A leading procurement expert has recently suggested that procurement staff should move between different procurement roles within an organisation on a regular basis to ensure seamless succession planning.

There are occasions in which procurement recruitment firms are faced with extraordinarily difficult tasks, such as rapidly identifying suitably senior candidates to fill a top procurement position that has suddenly become vacant.

These scenarios may be relatively infrequent, but they’re far from unheard of, as the recent departure of Malcolm Harrison as CEO of the Crown Commercial Service (CCS) exemplifies. Mr Harrison left his prestigious procurement role swiftly to become head of the Chartered Institute for Procurement and Supply (CIPS), an opening that arose after the unforeseen, sudden death of the CCS’s former boss, David Noble, last year.

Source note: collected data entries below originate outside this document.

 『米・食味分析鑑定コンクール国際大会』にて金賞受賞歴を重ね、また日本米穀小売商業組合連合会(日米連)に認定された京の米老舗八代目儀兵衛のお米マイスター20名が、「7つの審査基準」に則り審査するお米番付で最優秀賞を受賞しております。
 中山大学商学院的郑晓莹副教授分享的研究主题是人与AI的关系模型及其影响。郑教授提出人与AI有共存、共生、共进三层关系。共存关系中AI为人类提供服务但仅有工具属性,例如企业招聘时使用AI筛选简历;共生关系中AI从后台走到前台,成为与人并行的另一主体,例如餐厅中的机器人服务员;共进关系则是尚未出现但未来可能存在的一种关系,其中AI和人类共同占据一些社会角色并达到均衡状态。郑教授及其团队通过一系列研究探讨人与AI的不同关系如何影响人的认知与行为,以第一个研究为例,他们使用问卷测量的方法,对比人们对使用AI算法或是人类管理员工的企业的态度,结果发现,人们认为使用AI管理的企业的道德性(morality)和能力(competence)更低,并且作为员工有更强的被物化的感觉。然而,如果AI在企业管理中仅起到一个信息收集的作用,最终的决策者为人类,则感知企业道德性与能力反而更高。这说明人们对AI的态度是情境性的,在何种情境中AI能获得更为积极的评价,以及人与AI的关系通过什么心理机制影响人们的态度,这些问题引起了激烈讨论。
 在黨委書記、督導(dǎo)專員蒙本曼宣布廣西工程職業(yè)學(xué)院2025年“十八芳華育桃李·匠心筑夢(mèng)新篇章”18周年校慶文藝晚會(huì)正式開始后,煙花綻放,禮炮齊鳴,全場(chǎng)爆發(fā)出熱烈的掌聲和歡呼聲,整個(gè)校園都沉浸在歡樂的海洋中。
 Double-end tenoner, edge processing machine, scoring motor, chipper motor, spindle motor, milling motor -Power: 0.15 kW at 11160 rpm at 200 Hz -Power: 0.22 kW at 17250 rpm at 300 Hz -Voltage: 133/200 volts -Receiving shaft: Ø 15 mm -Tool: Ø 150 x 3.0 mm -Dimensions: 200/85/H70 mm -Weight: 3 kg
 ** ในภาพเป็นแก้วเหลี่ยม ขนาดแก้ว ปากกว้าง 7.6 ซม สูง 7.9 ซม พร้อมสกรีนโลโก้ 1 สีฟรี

Veteran procurement consultant and CPO Peter Smith believes that procurement succession planning requires careful, pre-emptive thought to avoid crisis at times such as these. In a large organisation, for instance, how can one ensure that there are enough category managers available for promotion if the unexpected happens?

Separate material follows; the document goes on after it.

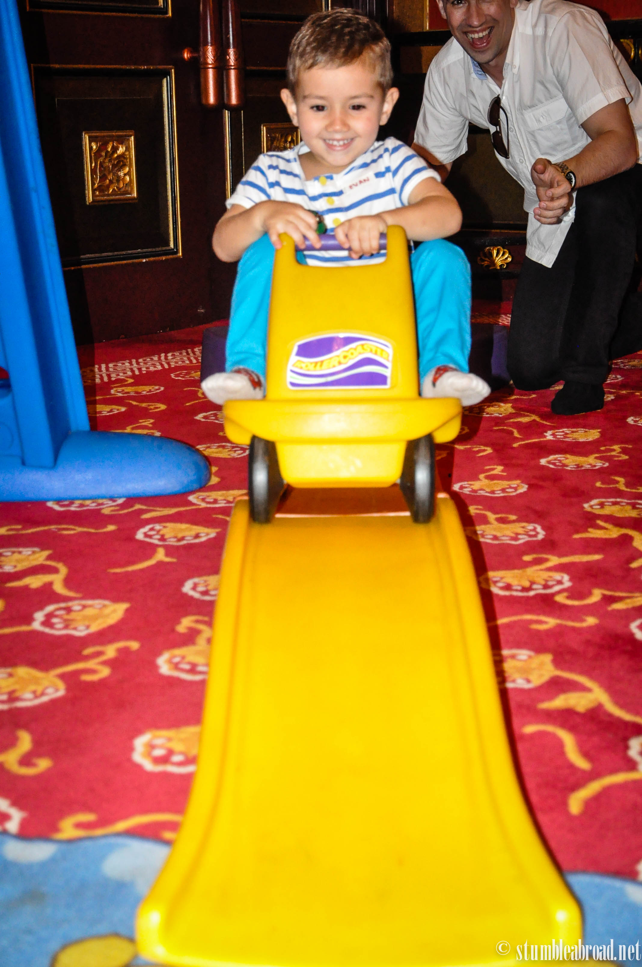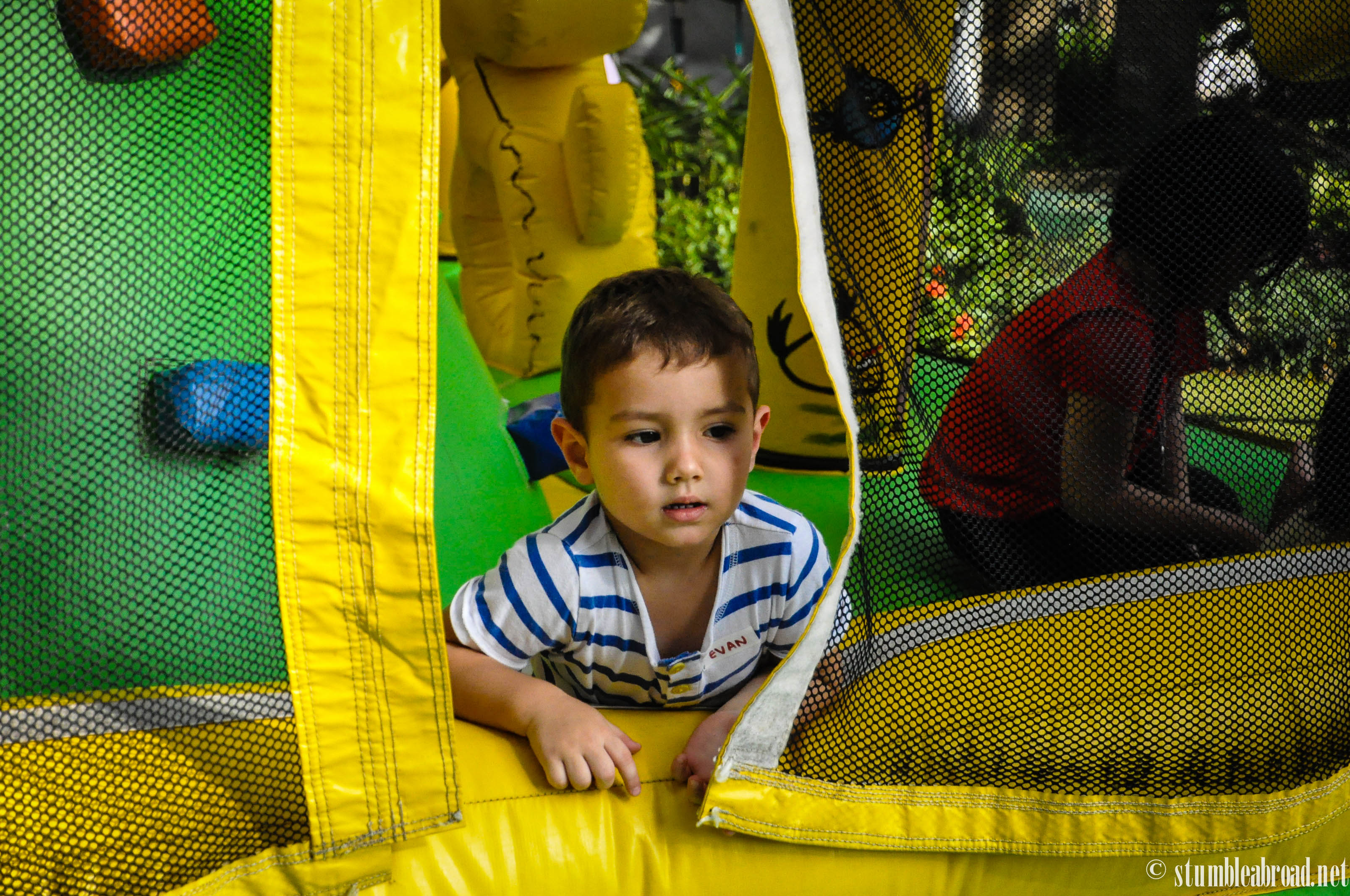 Soon after we arrived we learned that their weekend activities begin Saturday morning at 11:00 AM. We got there around 2:00 PM and missed out on the cupcake decorating class and cooking demonstration but were excited to see many other activities on the schedule for the day. For people staying at the hotel, the weekend activities are included in the stay (staycation, anyone???), for visitors the entrance fee is 50,000 Rp. per child. They also offer extra activities such as t-shirt decoration, cooking classes, and other crafts for an extra fee. We thought the price was more than fair for all they had to offer. Evan and Joshua’s smiles and the fact that daddy and I were actually able to sit down for a few minutes and watch them play will testify to that.

Smith believes that the solution resides in preparing for these eventualities well in advance, being clear about the skills that senior category managers need which junior counterparts don’t require. The key, he suggests, is to begin adequate in-role training for prospective high-fliers so that, when the time comes, they are already equipped with appropriate skills to shoulder the promotion.

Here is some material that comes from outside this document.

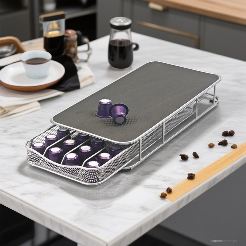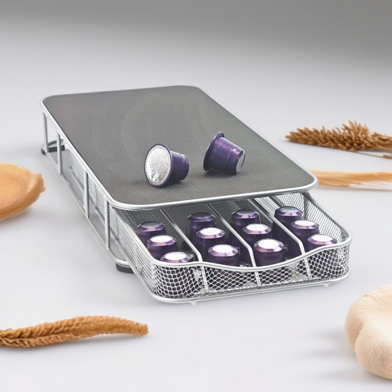 국경 간 서랍 형 커피 캡슐 저장 상자 창조적 인 철 선반 커피 기계 바닥 방진 저장 랙
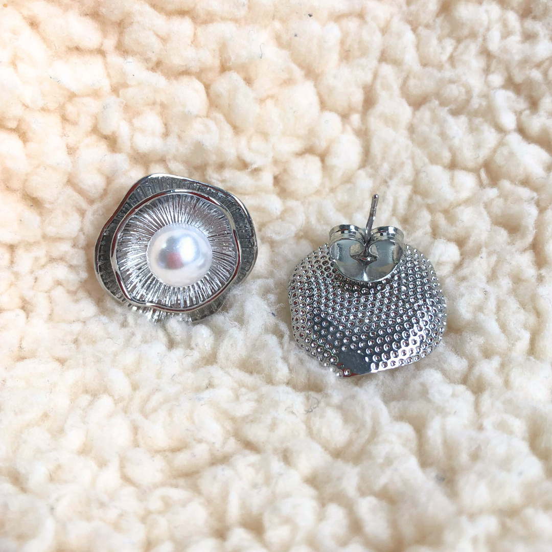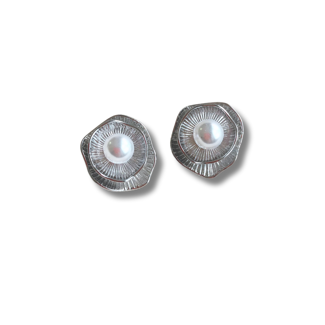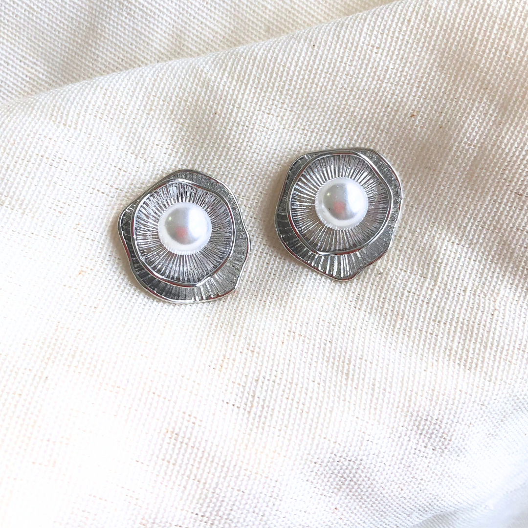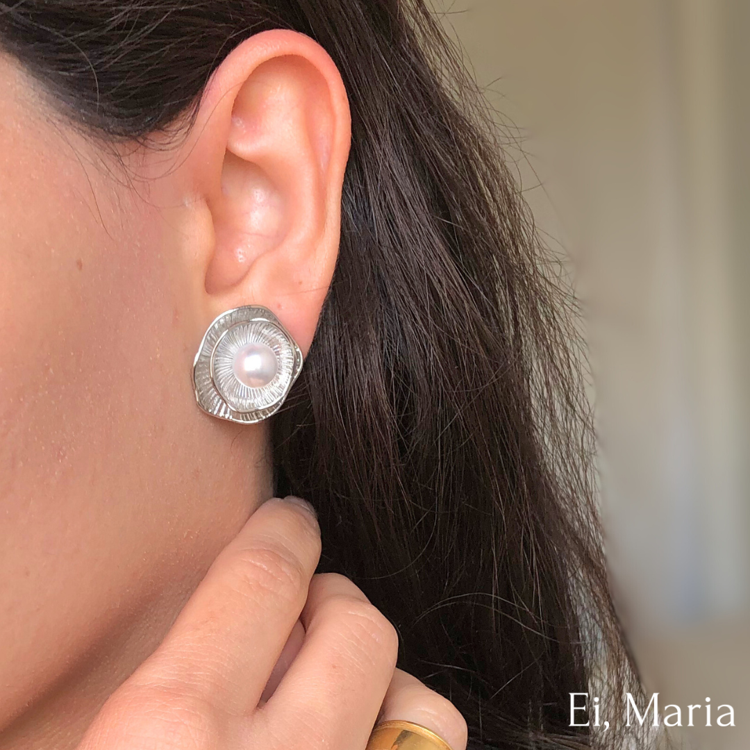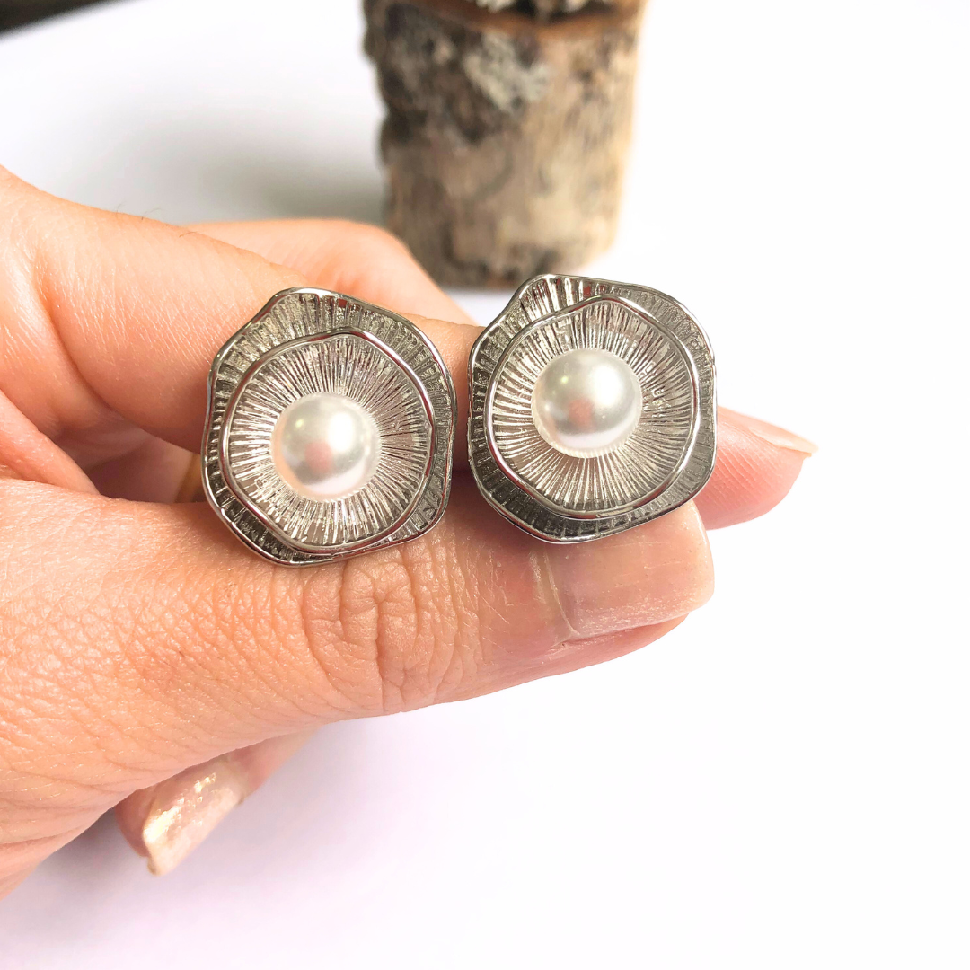 A pérola central ilumina o modelo, enquanto as linhas texturizadas ao redor criam um efeito radiante.

Smith writes: “You can do that by perhaps using more of a category team approach across a wider span of categories, rather than one-man or woman band category leads.  Or you can use analysts, graduate trainees or similar in supporting roles, so they have at least a working knowledge of what is going on.”

Finally, he advocates rotating staff on a 3-year basis to build more resilient organisations peopled with procurement pros who have broad experience in the event of a sudden requirement. Procurement jobs have always been interesting. They could be on the verge of becoming highly mobile, too.